Die weltweite Steuerbefreiung von Kerosin für grenzüberschreitende Flüge geht auf das Chicagoer Abkommen aus dem Jahr 1944 zurück. Im Jahr 2011 wurden in der Schweiz 1,96 Milliarden Liter Flugtreibstoffe getankt. Dass Bundesrat und Parlament darauf verzichten, eine Kerosinsteuer in Höhe der Mineralölsteuer plus Mineralölsteuerzuschlag auf Benzin zu verlangen, bedeutet Mindereinnahmen von rund 2 Milliarden Franken pro Jahr.

Mehrwertsteuer

Sowohl in der Schweiz wie auch im Ausland sind Flugtickets und Zulieferer von der Mehrwertsteuer befreit. In der kleinräumigen Schweiz mit ihrem Mehrwertsteuersatz von 8 Prozent und einem Inlandflug-Anteil von nur 0,6 Prozent schenkt das zwar nicht so ein wie in unseren grösseren Nachbarländern Deutschland (MWST 19 Prozent), Österreich (20 Prozent) oder Frankreich (19,6 Prozent), doch der Bund sollte Inlandflüge trotzdem nicht auch noch mit Mehrwertsteuergeschenken subventionieren.

CO2-Emissionsabgabe

Laut dem europäischen Dachverband Transport and Environment (T&E) haben sich beim Flugverkehr die klimaschädlichen Treibhausgasemissionen in den letzten zwanzig Jahren mehr als verdoppelt. In der Schweiz ist die Luftfahrt bereits heute zu über 14 Prozent für den Klimaeffekt verantwortlich. Geht die Entwicklung so weiter, wird dieser Anteil gemäss WWF bis 2020 um weitere 10 Prozentpunkte anwachsen. Auf der Strecke von Basel nach Wien verursacht eine Person, die im Flugzeug reist, durchschnittlich 1’052 Kilogramm CO2, eine Person mit dem Auto 91 Kilogramm und mit der Bahn 6 Kilogramm CO2. Die Europäische Union ist einen Schritt weiter als die Schweiz und hat ihr Emissionshandelssystem (EHS) Anfang 2012 auf die Luftfahrt ausgedehnt.

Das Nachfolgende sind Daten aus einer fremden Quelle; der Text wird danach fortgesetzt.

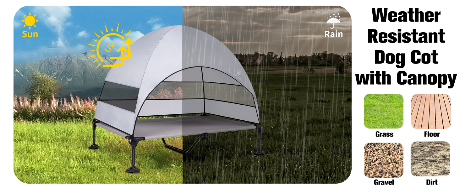 - 【All-Weather Ready】Harsh UV rays? No problem! The upgraded canopy blocks up to 90% of sunlight, creating a shaded oasis to prevent overheating. Perfect for beach days, poolside lounging, or summer hikes! The heavy-duty, water-resistant canopy acts like an umbrella, shielding your dog from sudden downpours or drizzle. Made with reinforced stitching, no flapping in windy weather! The elevated mesh bed keeps your pet dry above muddy puddles, so they stay clean even during rainy backyard or camping trips.
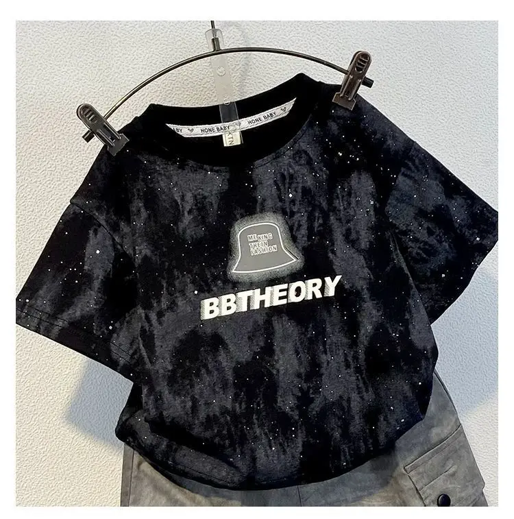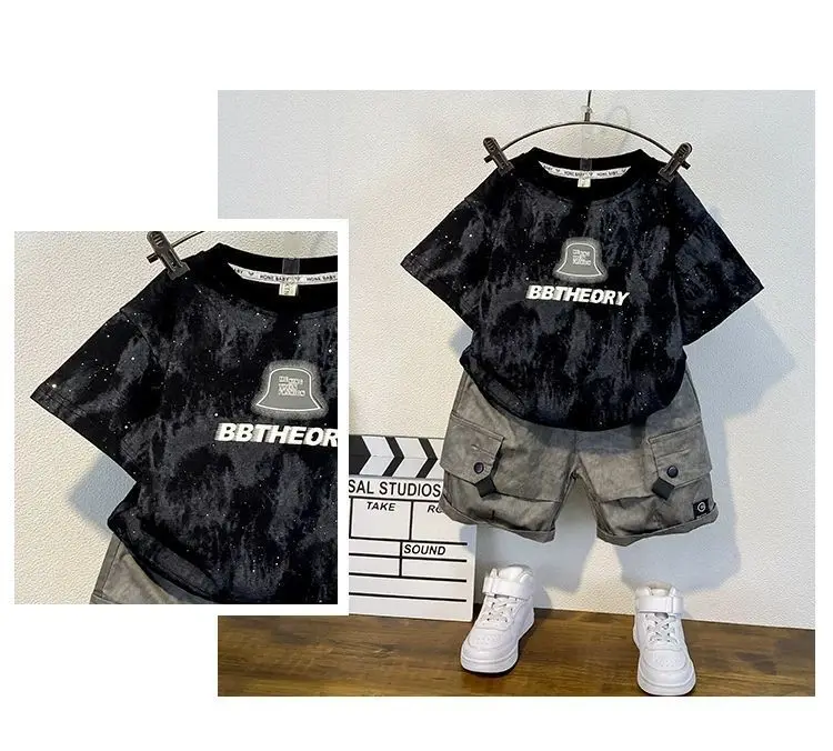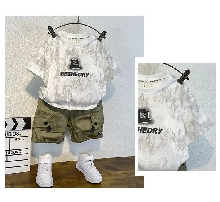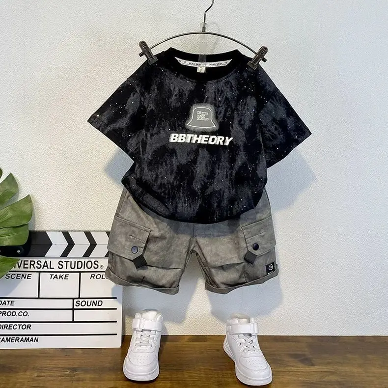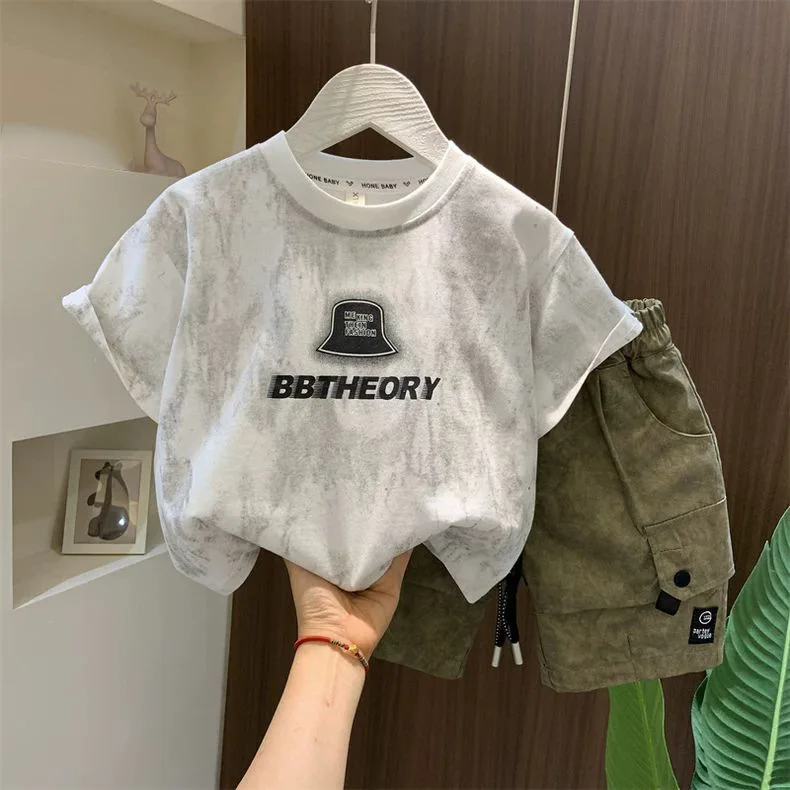 2026 New Boys Casual Cotton Short Sleeve Suit Fashionable Foreign Style Two-Piece Set for Small Boys in Summer

Die Airlines müssen für jede Tonne CO2 zahlen, die die Flieger in die Luft blasen. Zwar regt sich auch hier Widerstand – das EHS für interkontinentale Flüge wurde für 2012 rückwirkend ausgesetzt, weil sich Länder wie China und die USA massiv wehrten und nun nach einer internationalen Lösung gesucht wird –, doch die EU will die klimaschädlichen Airlines zur Kasse bitten. Rund zwei Euro zahlen die Passagiere pro Flug für die CO2-Emissionen. Übrigens hat T&E nachgewiesen, dass die Airlines den Fluggästen die noch nicht anfallenden EHS-Kosten 2012 bereits in Rechnung stellten. Zwischen 243 und 486 Millionen Euro sollen sie so in die Tasche gesteckt haben.

Luftverkehrssteuer

Während Länder wie Deutschland, Frankreich, Österreich oder Grossbritannien für jeden Passagier, der von einem Flughafen im Inland abhebt, eine Luftfahrtverkehrssteuer verlangen – in Deutschland 7,50 Euro pro Person bei einem Kurzstreckenflug und 42,18 Euro pro Langstreckenflug –, ist hierzulande noch alles gratis. Das Departement Leuthard macht keinerlei Anstalten, um dem Parlament eine vergleichbare Abgabe für alle abfliegenden Passagierinnen und Passagiere vorzuschlagen.

Im Schlaraffenland

Fliegen ist ein Privileg der Reichen. Über 90 Prozent der Weltbevölkerung hat noch nie ein Flugzeug von innen gesehen. Gemäss einer Studie im Auftrag des Bundesamts für Zivilluftfahrt (Bazl) fliegen wir Schweizerinnen und Schweizer fast doppelt so viel wie Einwohner unserer Nachbarländer, nämlich 1,3 Flugreisen pro Kopf (nach Abzug von Umsteigern und Incoming-Reisen), und damit fast doppelt so hoch wie in Deutschland und Österreich (ca. 0,7) und mehr als doppelt so hoch wie in Frankreich und Italien (ca. 0,5). Ein regelrechter Boom ist bei den Ferienflügen festzustellen. Seit 1950 haben die Flugbewegungen von Schweizer Flughäfen um den Faktor 14 zugenommen. Einzig nach dem 11. September 2001 war ein Rückgang zu verzeichnen. Betrachtet man die Steuerprivilegien der Schweizer Luftfahrt, verwundert das wenig. Schweizer Flughäfen profitieren zusätzlich von zinsgünstigen Krediten und die Kosten der Flugsicherung werden weitgehend vom Bund übernommen. Müsste der Flugverkehr alle direkten und indirekten Kosten selber zahlen, wäre der Aufenthalt über den Wolken schätzungsweise dreimal teurer. Herzlich Willkommen im Flugschlaraffenland Schweiz.